A taste for controversy and faith Priest wrote incognito about Vatican

April 06, 1993|By Angela Winter Ney | Angela Winter Ney,Staff Writer

To the Rev. Francis Xavier Murphy, religion "is like caviar."

"It's an acquired taste," says the retired Redemptorist priest.

Three decades after writing witty but controversial inside looks at Vatican Council II under an assumed name, he has lost none of his taste for the faith or for generating heated discussion.

"If Rome would calm down in demanding total agreement over the mysteries of the Christian religion," the church would have a better chance at achieving unity, he says, seating himself on a wine-colored leather couch in St. Mary's rectory in Annapolis.

Clutching a solid-wood cane topped by a golden horse's head, he joked, "Someone once commented that I was lucky to get the right end of it."

In his 78 years, Father Murphy has ruffled more than a few feathers as he made the journey from his home in the Bronx to the hallowed halls of the Vatican.

The most controversy was generated by his articles about the intrigue behind the preparation for Pope John XXIII's Vatican Council II from 1962 to 1965. The first essay, under the the name Xavier Rynne, appeared in The New Yorker the week the council opened.

An anonymous reviewer writing in a 1967 issue of Triumph, a Catholic periodical, warned that Xavier Rynne's efforts "are a positive danger to the soul."

"I have seen many very learned and pious Christians led into mortal sin by them," the critic wrote.

Father Murphy's accounts of the intrigue behind Vatican II are peppered with candid descriptions of key players.

He called one cardinal "the kind of man who forgot nothing he was taught, but since becoming a teacher himself, resisted learning anything more."

He quoted a bishop asking behind closed doors "how much longer" the church was to be "embarrassed by such 'relics' as Our Lady's milk and veil, St. Joseph's sandals, and the like."

He fixed on the irony of church leaders who insisted on using Latin during council debate but whose command of the language was mediocre. "It became ironically clear that Italian prelates were by no means as good Latinists as was commonly believed," he wrote, adding that they sounded like "stuttering chickadees."

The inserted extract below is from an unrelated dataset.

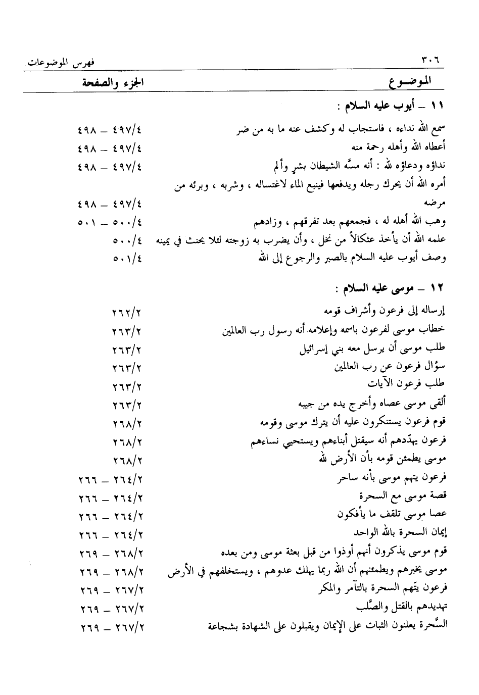 إرساله إلى فرعون وأشراف قومه 2/ 262 خطاب موسى لفرعون باسمه وإعلامه أنه رسول رب العالمين 2/ 263 طلب موسى أن يرسل معه بني إسرائيل 2/ 263 سؤال فرعون عن رب العالمين 2/ 263 طلب فرعون الآيات 2/ 263 ألقى موسى عصاه وأخرج يده من جيبه 2/ 263 قوم فرعون يستنكرون عليه أن يترك موسى وقومه 2/ 268 فرعون يهدّدهم أنه سيقتل أبناءهم ويستحيي نساءهم 2/ 268 موسى يطمئن قومه بأن الأرض لله 2/ 268 فرعون يتهم موسى بأنه ساحر 2/ 264- 266 قصة موسى مع السحرة 2/ 264- 266 عصا موسى تلقف ما يأفكون 2/ 264- 266 إيمان السحرة بالله الواحد 2/ 264- 266 قوم موسى يذكرون أنهم أوذوا من قبل بعثة موسى ومن بعده 2/ 268- 269 موسى يخبرهم ويطمئنهم أن الله ربما يهلك عدوهم، ويستخلفهم في الأرض 2/ 268- 269 فرعون يتّهم السحرة بالتآمر والمكر 2/ 267- 269 تهديدهم بالقتل والصّلب 2/ 267- 269 السّحرة يعلنون الثبات على الإيمان ويقبلون على الشهادة بشجاعة 2/ 267- 269

Brazen stuff for a young priest. But in his 51 years as a clergyman, writing 20 books and dozens of articles, Father Murphy seems never to have lacked confidence.

Learned and charming, he is very much the politician, say some who know him -- able to maneuver people to suit his ends, knowing just how far he can push his luck without causing real trouble.

He survived a four-year inquisition by church officials who suspected him as the author, evading questions by what biographers Norman Shaifer and Marie F. Porter have called "a dextrous use of casuistry." In other words, he was cleverly evasive.

No one officially identified him as the author of the articles, but many suspected him. He now jests that if he doesn't acknowledge the work, he'll die and "the Redemptorists won't ++ take the credit, but the Jesuits will."

His style is provocative, but Father Murphy defends his faith as "the most valuable thing in life. The church continues to give people a feeling that they are created by Almighty God and can achieve a certain amount of joy for themselves, helping other people and looking forward to a future life."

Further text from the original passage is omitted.